> _What the exercise asks_: Reproduce the whole listing exactly, omitting any picture it holds.

> _Supplied data_:
★ ★ ★ ★ ★ ★ ★

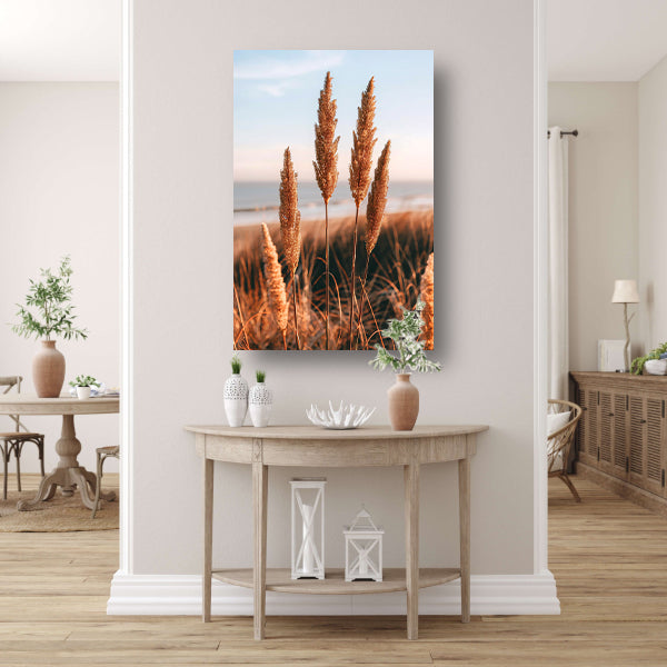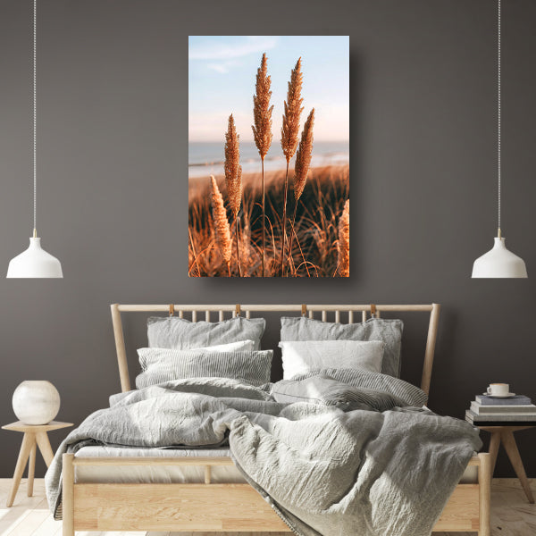 Gouden Grashalmen bij Zee in Zonsondergang canvas
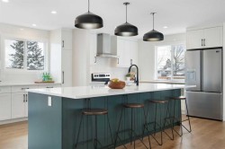 Welcome to this beautifully transformed 5-bedroom, 4-bathroom home offering over 2,650 sq ft of thoughtfully designed living space. Tucked away on one of Marlborough Park’s quietest cul-de-sacs, the property backs onto an open green space and is ideally located just minutes from schools, CTrain stations, shopping, dining, and major commuter routes.The main floor spans over 800 sq ft and showcases a bright, open-concept layout featuring a spacious living room, dining area, and a chef-inspired kitchen anchored by an impressive 10' × 5' island with extensive storage. The adjacent family room blends modern comfort with character, highlighted by a refreshed original brick feature wall. South- and west-facing windows flood the home with natural light from morning through evening.With five bedrooms and four full bathrooms, the layout is exceptionally well suited for families of all sizes. The upper level offers three bedrooms, including a generous primary retreat complete with an ensuite and dual closets, along with two additional bedrooms and a full bathroom—all enjoying peaceful park views. A fourth bedroom on the main floor, paired with a 3-piece bath and laundry, is ideal for guests or multi-generational living. The fully developed lower level features a large fifth bedroom, an additional full bathroom, and over 700 sq ft of versatile recreation or family space.Notable upgrades include a high-efficiency furnace, a large hot water tank, and smart-home features such as Ring cameras, Wi-Fi light switches, smart locks, and thermostats—delivering comfort, efficiency, and peace of mind.Outdoor living is equally impressive, with a solid, well-built deck off the kitchen, a concrete patio, a private yard, and a newly installed fence accented by a decorative rock area—perfectly suited for a firepit or outdoor gathering space.A rare opportunity to own a home renovated with purpose, quality, and craftsmanship—this is Marlborough Park living at its finest.
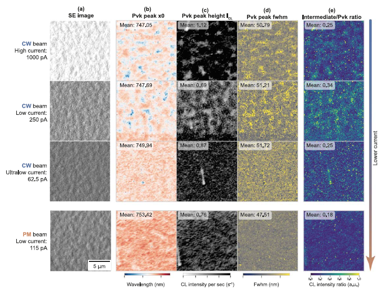 在優(yōu)化的采集條件下,使用脈沖電子束,可以通過(guò)CL高光譜圖的采集來(lái)解決雜化鈣鈦礦薄膜發(fā)射特征的不均勻性。
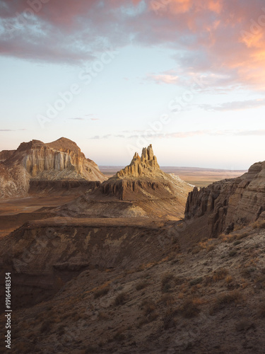 View of majestic rock formations and cliffs bathed in the warm glow of the setting sun, creating a stunning desert landscape, Shetpe, Mangystau Region, Kazakhstan.

★ ★ ★ ★ ★ ★ ★

> _Reply to the task_:
 Gouden Grashalmen bij Zee in Zonsondergang canvas
 Welcome to this beautifully transformed 5-bedroom, 4-bathroom home offering over 2,650 sq ft of thoughtfully designed living space. Tucked away on one of Marlborough Park’s quietest cul-de-sacs, the property backs onto an open green space and is ideally located just minutes from schools, CTrain stations, shopping, dining, and major commuter routes.The main floor spans over 800 sq ft and showcases a bright, open-concept layout featuring a spacious living room, dining area, and a chef-inspired kitchen anchored by an impressive 10' × 5' island with extensive storage. The adjacent family room blends modern comfort with character, highlighted by a refreshed original brick feature wall. South- and west-facing windows flood the home with natural light from morning through evening.With five bedrooms and four full bathrooms, the layout is exceptionally well suited for families of all sizes. The upper level offers three bedrooms, including a generous primary retreat complete with an ensuite and dual closets, along with two additional bedrooms and a full bathroom—all enjoying peaceful park views. A fourth bedroom on the main floor, paired with a 3-piece bath and laundry, is ideal for guests or multi-generational living. The fully developed lower level features a large fifth bedroom, an additional full bathroom, and over 700 sq ft of versatile recreation or family space.Notable upgrades include a high-efficiency furnace, a large hot water tank, and smart-home features such as Ring cameras, Wi-Fi light switches, smart locks, and thermostats—delivering comfort, efficiency, and peace of mind.Outdoor living is equally impressive, with a solid, well-built deck off the kitchen, a concrete patio, a private yard, and a newly installed fence accented by a decorative rock area—perfectly suited for a firepit or outdoor gathering space.A rare opportunity to own a home renovated with purpose, quality, and craftsmanship—this is Marlborough Park living at its finest.
 在優(yōu)化的采集條件下,使用脈沖電子束,可以通過(guò)CL高光譜圖的采集來(lái)解決雜化鈣鈦礦薄膜發(fā)射特征的不均勻性。
 View of majestic rock formations and cliffs bathed in the warm glow of the setting sun, creating a stunning desert landscape, Shetpe, Mangystau Region, Kazakhstan.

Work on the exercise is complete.